Pesach (Passover) is the story of our exodus and redemption from Egypt. It’s an important story to keep telling and passing down to our children and our children’s children. It is a story that is best handed down by our elders.
The Olam Jewish Montessori of Beth Jacob in Irvine and Bubbe & Zayde’s Place (A Jewish Assisted Living Center) in Santa Ana realized the importance of this concept and decided to bring both groups together to enjoy a shortened version of the Seder.
On Friday, March 30, just before the traditional lunch hour, Bonnie Curkin, owner of Bubbe & Zayde’s Place, hired a bus and with the help of three aides brought over 11 residents to Congregation Beth Jacob to share this special time with the 16 children enrolled in the pre-school.

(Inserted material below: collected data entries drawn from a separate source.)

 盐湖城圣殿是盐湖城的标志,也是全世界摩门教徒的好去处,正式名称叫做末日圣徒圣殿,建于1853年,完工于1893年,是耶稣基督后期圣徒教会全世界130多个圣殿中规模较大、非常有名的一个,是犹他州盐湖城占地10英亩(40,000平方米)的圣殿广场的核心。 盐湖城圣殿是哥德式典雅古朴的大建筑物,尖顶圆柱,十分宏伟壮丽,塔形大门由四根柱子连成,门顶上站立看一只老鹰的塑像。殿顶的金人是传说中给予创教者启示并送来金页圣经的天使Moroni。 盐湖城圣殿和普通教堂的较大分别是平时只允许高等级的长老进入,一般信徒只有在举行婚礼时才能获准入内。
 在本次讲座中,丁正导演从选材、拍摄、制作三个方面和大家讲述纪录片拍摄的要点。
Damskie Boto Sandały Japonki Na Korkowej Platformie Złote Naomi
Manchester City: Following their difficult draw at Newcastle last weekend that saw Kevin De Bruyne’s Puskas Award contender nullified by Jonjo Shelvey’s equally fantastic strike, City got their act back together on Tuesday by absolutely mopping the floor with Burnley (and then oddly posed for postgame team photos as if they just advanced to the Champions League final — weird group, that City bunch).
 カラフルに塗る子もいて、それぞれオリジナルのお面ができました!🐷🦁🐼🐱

The class ranges in age from 2 to 5. It is the only Jewish Montessori School in Orange County.
Isabelle Harris, director and co-founder of the school, feels it is so important to create intergenerational events. According to Harris, “The two age groups have so much in common. We need to keep things short and fun for them. And according to several articles, the Montessori teaching methods are one way to help the elderly population retain their new memories, which tend to be forgotten sooner than those of their own youth. And this is such a major part of our culture to give tribute and listen to the older members of our community. It’s a very natural combination that I hope we are able to do on other holidays.”

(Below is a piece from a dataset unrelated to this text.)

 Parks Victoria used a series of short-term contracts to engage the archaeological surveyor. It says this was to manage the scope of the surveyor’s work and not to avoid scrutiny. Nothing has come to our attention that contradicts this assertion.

“We were so thrilled when Isabelle called us for this mitzvah project,” Curkin said. “Our residents sometimes feel very down and ask me why they’re still alive. I tell them that it’s up to us to pass on our knowledge of Jewish history and our feelings on to the younger generations. Outings like this, where we get the little ones and the elderly together, help to take away the fear on both sides.”
She added, “Small children don’t always know what to make of older people, so this gives them a chance to get to know them on an intimate level. And it gives hope to our grandparents and great-grandparents that they still have something wonderful and exciting to teach and share with them. That puts a smile on their faces. More importantly, it really gives them hope. And we all want to live with hope.”

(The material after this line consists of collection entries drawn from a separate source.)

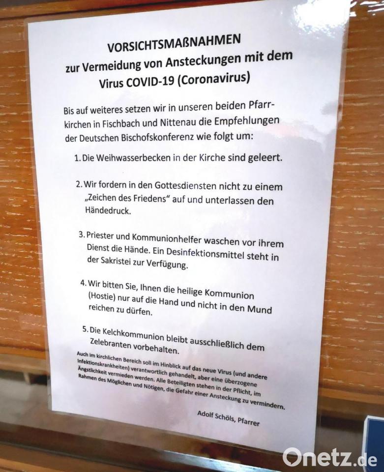 Die Pfarreien haben seit geraumer Zeit auch Hygiene-Regeln ausgedruckt und an den Kirchentüren aufgehängt. Dazu gehört auch, dass die Weihwasserbecken in den Kirchen geleert wurden und schon bisher unter anderem "Friedensgruß" und Händedruck in der Messe zu unterbleiben hatten.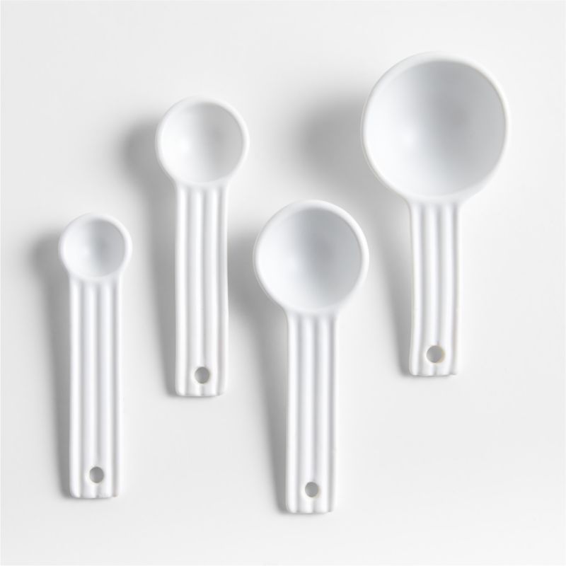 Inspired by the ceramic pieces in our Hanno collection, this measuring spoon set exhibits the same fresh white finish and dynamic ribbing. The durable porcelain spoons are textured on their handles for a fresh linear look. Created by the wax-resist process, dimensional metric and imperial measurement markings under each handle will not fade in the dishwasher. Combine this modern set with the rest of the Hanno collection for coordinated cooking, baking and dining.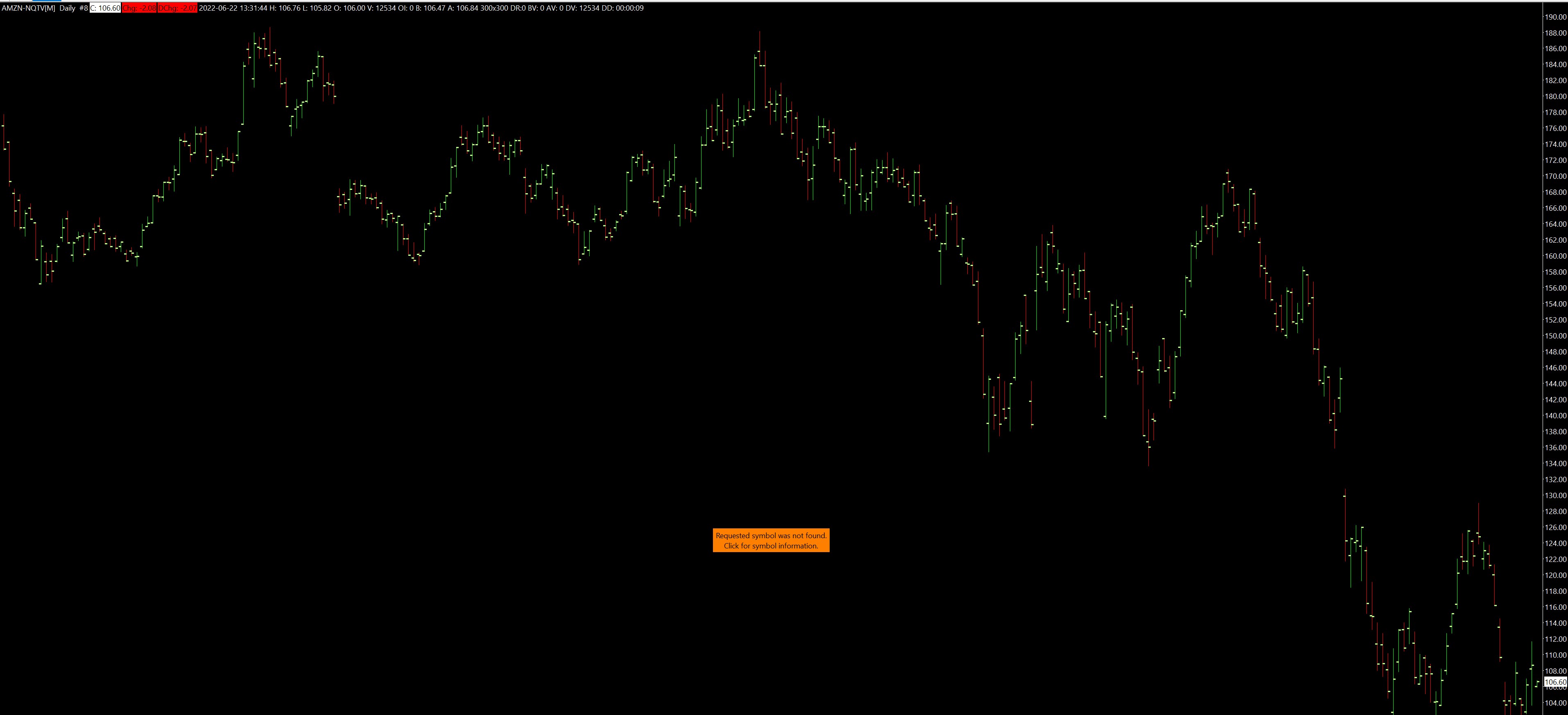 Here is a chart showing the issue. in case you did not understand the issue. its impossible to have a working AMZN chart, candles are all over the place. Also, everytime i open any stock chart, i get this error first ( symbol not found, see photo attached ) |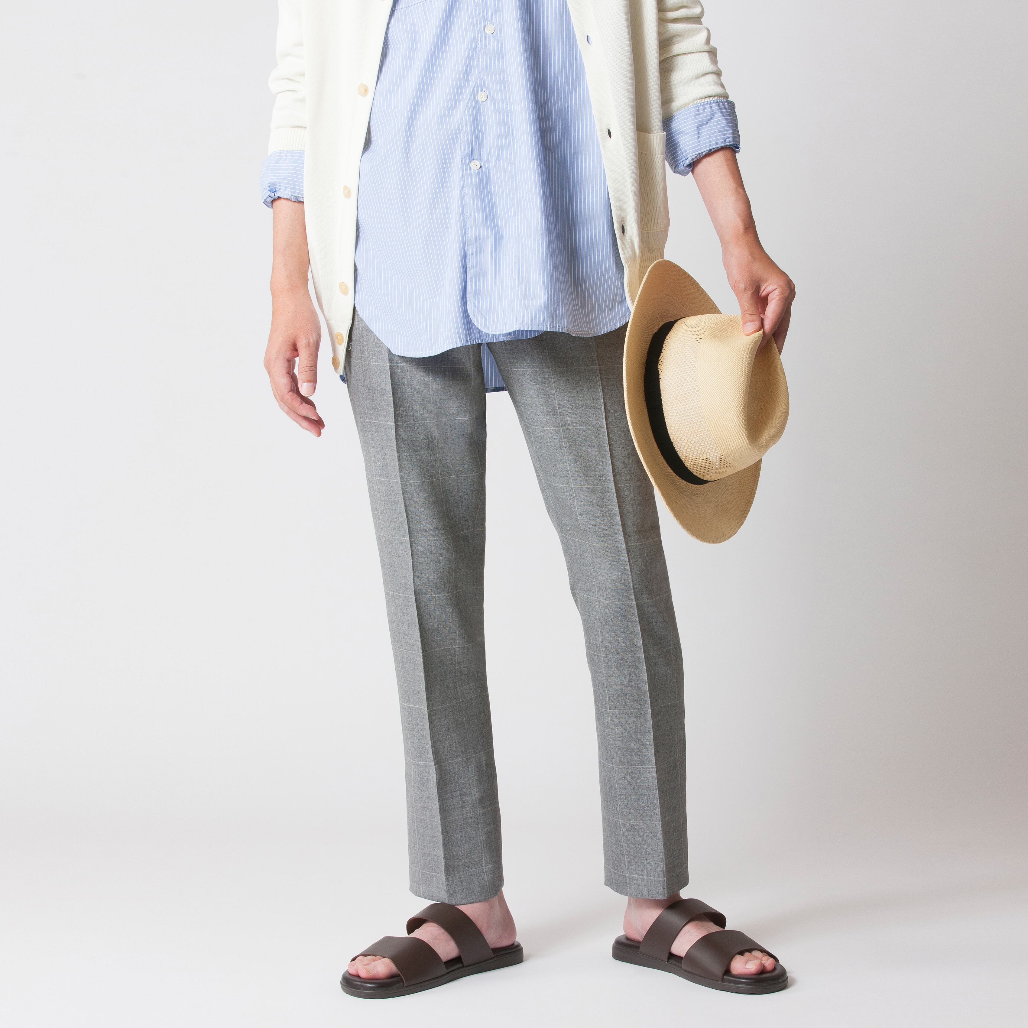 葛利毛織の定番生地で人気の高いサマージェントリークローズから、ライトグレーチェックをセレクト。シャリ感をやや強めに仕上げた生地のため、さらりとした肌ざわり。大柄のチェックがアクセントになっているので、ポロシャツなどと組み合わせてカジュアルに着こなすのもおすすめ。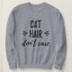 Cat Hair Don't Care sweatshirt with black lettering.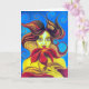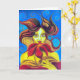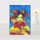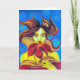 Cette carte de voeux colorée et unique célèbre la fraîcheur de l'été. La carte présente une femme tenant une fleur rouge vif tandis que ses cheveux soufflent dans la brise. Un ciel bleu tropical l'entoure. Parfait pour envoyer des salutations chaudes - ou romantiques! Vide à l'intérieur.
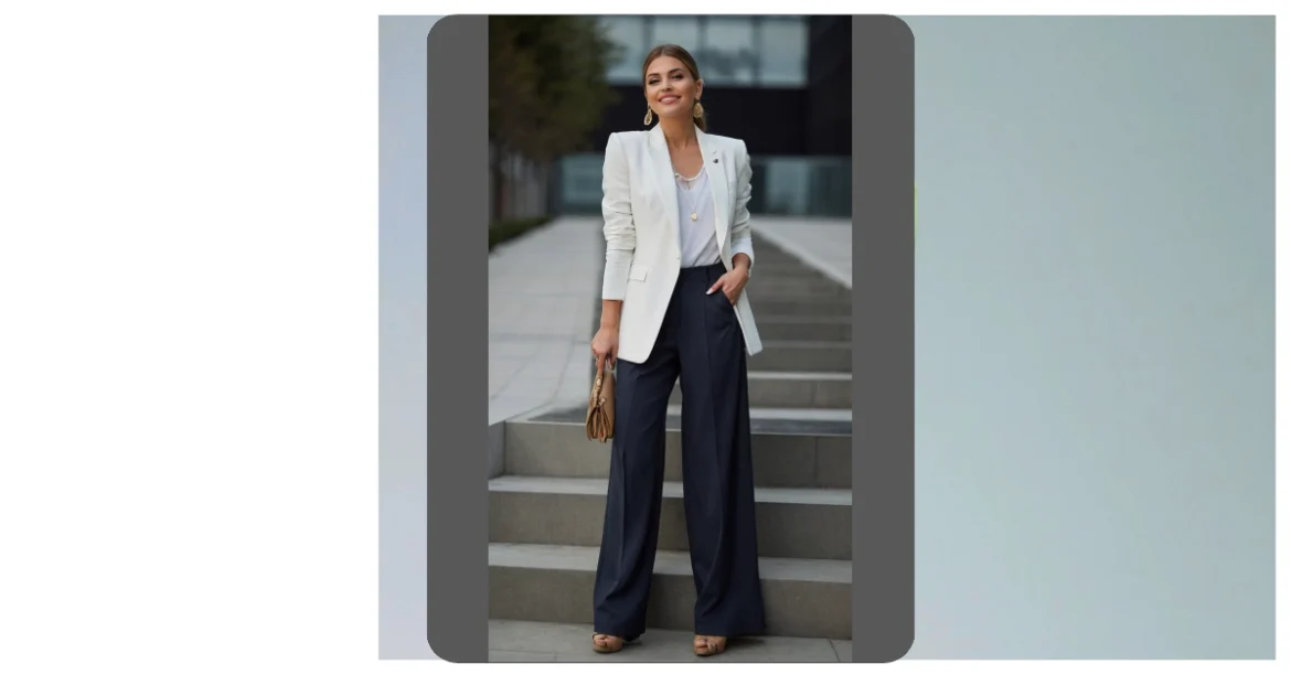 Okay, so picture this: it’s spring 2025, and you’re rocking this exact outfit. A cool pastel blazer is like the chill older sister of a stuffy suit jacket, and those flowy pants look comfier than your favorite sweats (but way more stylish!). This look says, “I’m ready to ace that presentation… and grab boba with my friends after!”

Robyn Farber, another one of the school’s co-founders, explained what the hope is for events of this nature: “Right now, it’s hard for both of these groups to stay up late and sit through a traditional Seder, so we want to make it a fun event that’s easy for them all to follow. The children need to know about the story, why the Seder plate has the items it does and we need to give them a sense of the importance on the need of family and community. This intergenerational component fulfills all of these points.”
It is no easy task to get a group this large and of this nature together. It was fun to watch the little ones doing the kiddush with their older counterparts, the explanation of why they need to wash hands, the blessing and the faces given over the tasting of the salted parsley, the reading of the Maggid (the group didn’t get to the four questions in a formal manner), both the blessing over and the hiding of the matzo. The group explored the significance of why we eat the unleavened bread over the course of the entire holiday.
While Harris served as the “leader,” teachers Sonya Neutel and Symone Sass got into the excitement of acting out the story, getting themselves and the children who helped with the ceremony into costumes.
Sass said it took several classes to prepare the children as to what to expect, letting them hear the story, listening to the music and talking to them about the change in their schedule, as well as the idea that they would be having visitors. As she explained, “At these tender ages, it’s hard to change what the kids feel is their norm. It upsets their sense of security. We need to get them ready as much as we possibly can.”
Congregation Beth Jacob’s Chief Operating Officer Adam Reingold was on hand to help the preschool staff keep the morning Seder running smoothly and on time. According to Reingold, “It’s an amazing school. All the parents involved had a hand in creating Olam Jewish Montessori of Beth Jacob. They have truly made it an important part of their lives to create a great community for all the families and, of course, the children. This is a wonderful way to keep the ideals of the Jewish culture continuing from one generation to another.”